Caplansky's Delicatessen is a delicatessen in Toronto, Ontario, Canada. It originated in 2007 in a room in the Monarch Tavern on Clinton Street which Zane Caplansky rented as a venue to make and sell house-cured hand-cut smoked meat sandwiches and knishes. The venture was successful and in 2009, Caplansky opened his eponymous full service delicatessen located at 356 College Street near Kensington Market. Caplansky's opened a food truck, named "Thunderin' Thelma", in 2011, which travelled to various events and locations in the city to sell food on the street.

In 2013, Caplansky's launched a line of mustards in grocery stores and specialty shops across Ontario, Quebec, and Nova Scotia.

Caplansky's received worldwide publicity the next year when it sponsored the Toronto Palestine Film Festival.

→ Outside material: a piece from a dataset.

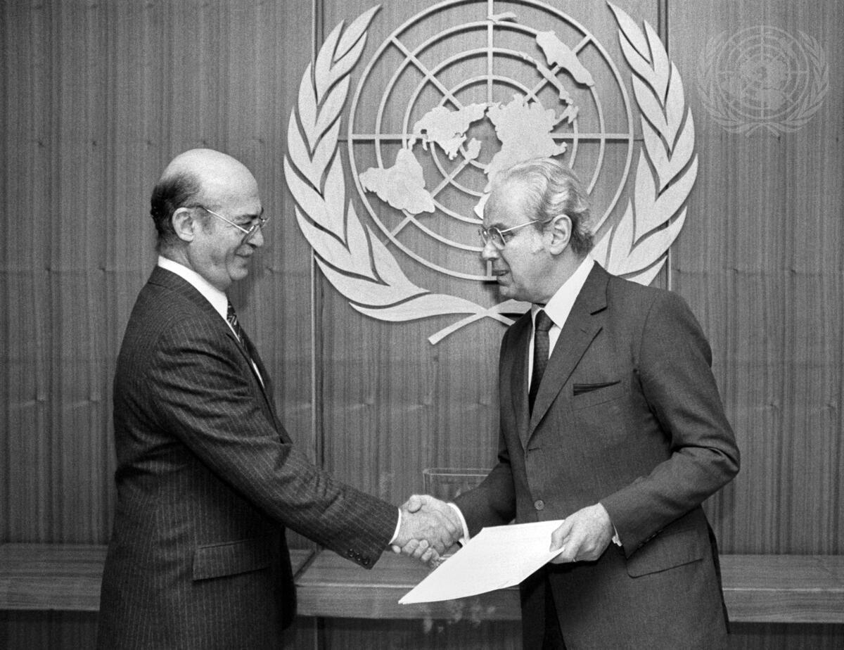 Portrait of Nejib Bouziri, Permanent Representative of Tunisia to the United Nations, who presented his credentials to the Srecretary-General Javier Perez De Cuellar at UN Headquarters.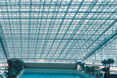 由多根桿件按照一定的網(wǎng)格形式通過節(jié)點(diǎn)連結(jié)而成的空間結(jié)構(gòu)。具有空間受力、重量輕、剛度大、抗震性能好等優(yōu)點(diǎn);可用作體育館、 影劇院、展覽廳、候車廳、體育場(chǎng)看臺(tái)雨篷、飛機(jī)庫、雙向大柱 網(wǎng)架結(jié)構(gòu)距車間等建筑的屋蓋。缺點(diǎn)是匯交于節(jié)點(diǎn)上的桿件數(shù)量較多,制作安裝較平面結(jié)構(gòu)復(fù)雜。

In August 2014, Caplansky's opened a franchise at Pearson International Airport. Another location opened in Toronto's Yorkville area.

In 2016, Caplansky's sued its College Street landlord after the landlord padlocked the premises after declaring the Caplansky's lease to be terminated due to a dispute over repairs. A month later, the Ontario Superior Court validated the lease and returned "exclusive possession" of the premises to Caplansky's, ordering the landlord to allow Caplansky's to resume operations.

On January 3, 2018, Zane Caplansky announced the closure of the College St. location stating that business had never recovered from the 2016 interruption of business. Caplansky's also faced mounting legal costs due to continuing disputes with the landlord. Caplansky's Yorkville location closed suddenly on January 31, 2018, after, frustrated by only breaking even, Caplansky's partner in the Yorkville location bought out the lease and terminated it.

The airport location, which is owned by HMSHost and licences the Caplansky's name, remains in operation, while the food truck is no longer operating and has been sold.

In 2019, Caplansky's launched a food stand at the Rogers Centre and re-launched a line of mustards, selling them online.